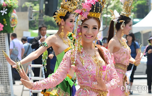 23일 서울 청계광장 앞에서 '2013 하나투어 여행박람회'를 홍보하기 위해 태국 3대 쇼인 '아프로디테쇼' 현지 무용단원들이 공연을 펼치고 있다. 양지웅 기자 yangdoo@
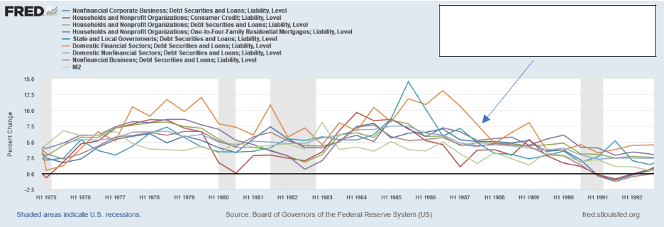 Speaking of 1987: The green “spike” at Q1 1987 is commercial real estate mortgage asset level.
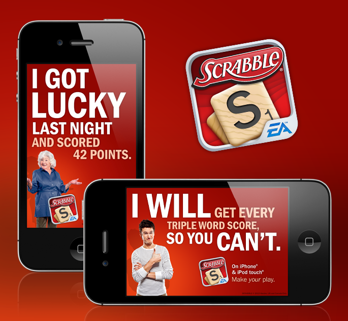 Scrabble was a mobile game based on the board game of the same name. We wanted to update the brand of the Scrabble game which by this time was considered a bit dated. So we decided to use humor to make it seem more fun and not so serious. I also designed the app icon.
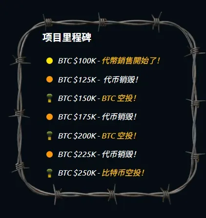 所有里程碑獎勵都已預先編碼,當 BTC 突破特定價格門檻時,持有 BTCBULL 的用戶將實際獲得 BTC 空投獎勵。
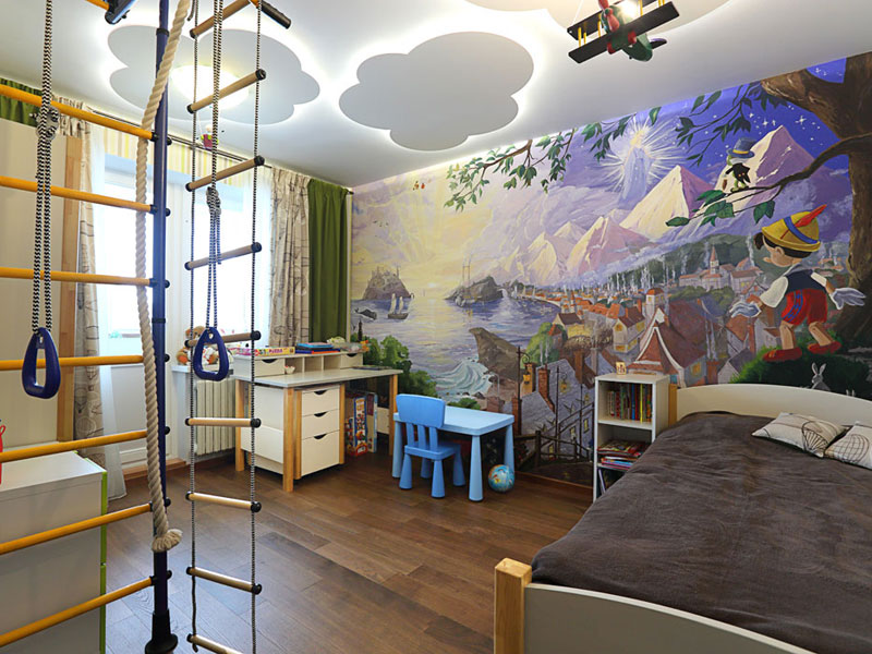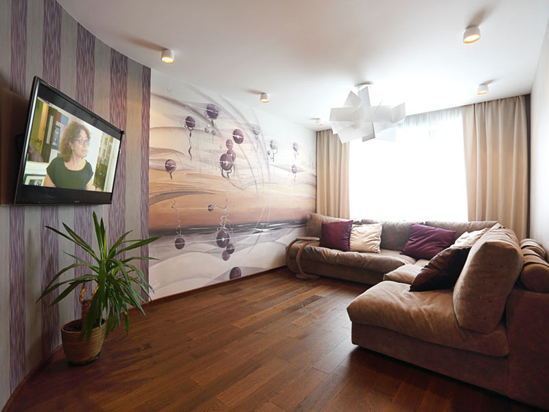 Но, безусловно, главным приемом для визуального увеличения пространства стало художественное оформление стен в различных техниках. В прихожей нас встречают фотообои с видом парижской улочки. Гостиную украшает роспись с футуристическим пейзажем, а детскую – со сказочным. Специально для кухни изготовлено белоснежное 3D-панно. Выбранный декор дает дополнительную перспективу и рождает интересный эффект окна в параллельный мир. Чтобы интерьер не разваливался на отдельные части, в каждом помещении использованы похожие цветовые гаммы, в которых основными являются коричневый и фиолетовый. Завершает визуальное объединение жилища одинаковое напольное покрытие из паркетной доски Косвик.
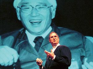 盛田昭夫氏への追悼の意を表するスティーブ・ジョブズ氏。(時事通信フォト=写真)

===

Work to be completed - Please write out every line of the listing above exactly, and leave the images behind.

Task answer -
 23일 서울 청계광장 앞에서 '2013 하나투어 여행박람회'를 홍보하기 위해 태국 3대 쇼인 '아프로디테쇼' 현지 무용단원들이 공연을 펼치고 있다. 양지웅 기자 yangdoo@
 Speaking of 1987: The green “spike” at Q1 1987 is commercial real estate mortgage asset level.
 Scrabble was a mobile game based on the board game of the same name. We wanted to update the brand of the Scrabble game which by this time was considered a bit dated. So we decided to use humor to make it seem more fun and not so serious. I also designed the app icon.
 所有里程碑獎勵都已預先編碼,當 BTC 突破特定價格門檻時,持有 BTCBULL 的用戶將實際獲得 BTC 空投獎勵。
 Но, безусловно, главным приемом для визуального увеличения пространства стало художественное оформление стен в различных техниках. В прихожей нас встречают фотообои с видом парижской улочки. Гостиную украшает роспись с футуристическим пейзажем, а детскую – со сказочным. Специально для кухни изготовлено белоснежное 3D-панно. Выбранный декор дает дополнительную перспективу и рождает интересный эффект окна в параллельный мир. Чтобы интерьер не разваливался на отдельные части, в каждом помещении использованы похожие цветовые гаммы, в которых основными являются коричневый и фиолетовый. Завершает визуальное объединение жилища одинаковое напольное покрытие из паркетной доски Косвик.
 盛田昭夫氏への追悼の意を表するスティーブ・ジョブズ氏。(時事通信フォト=写真)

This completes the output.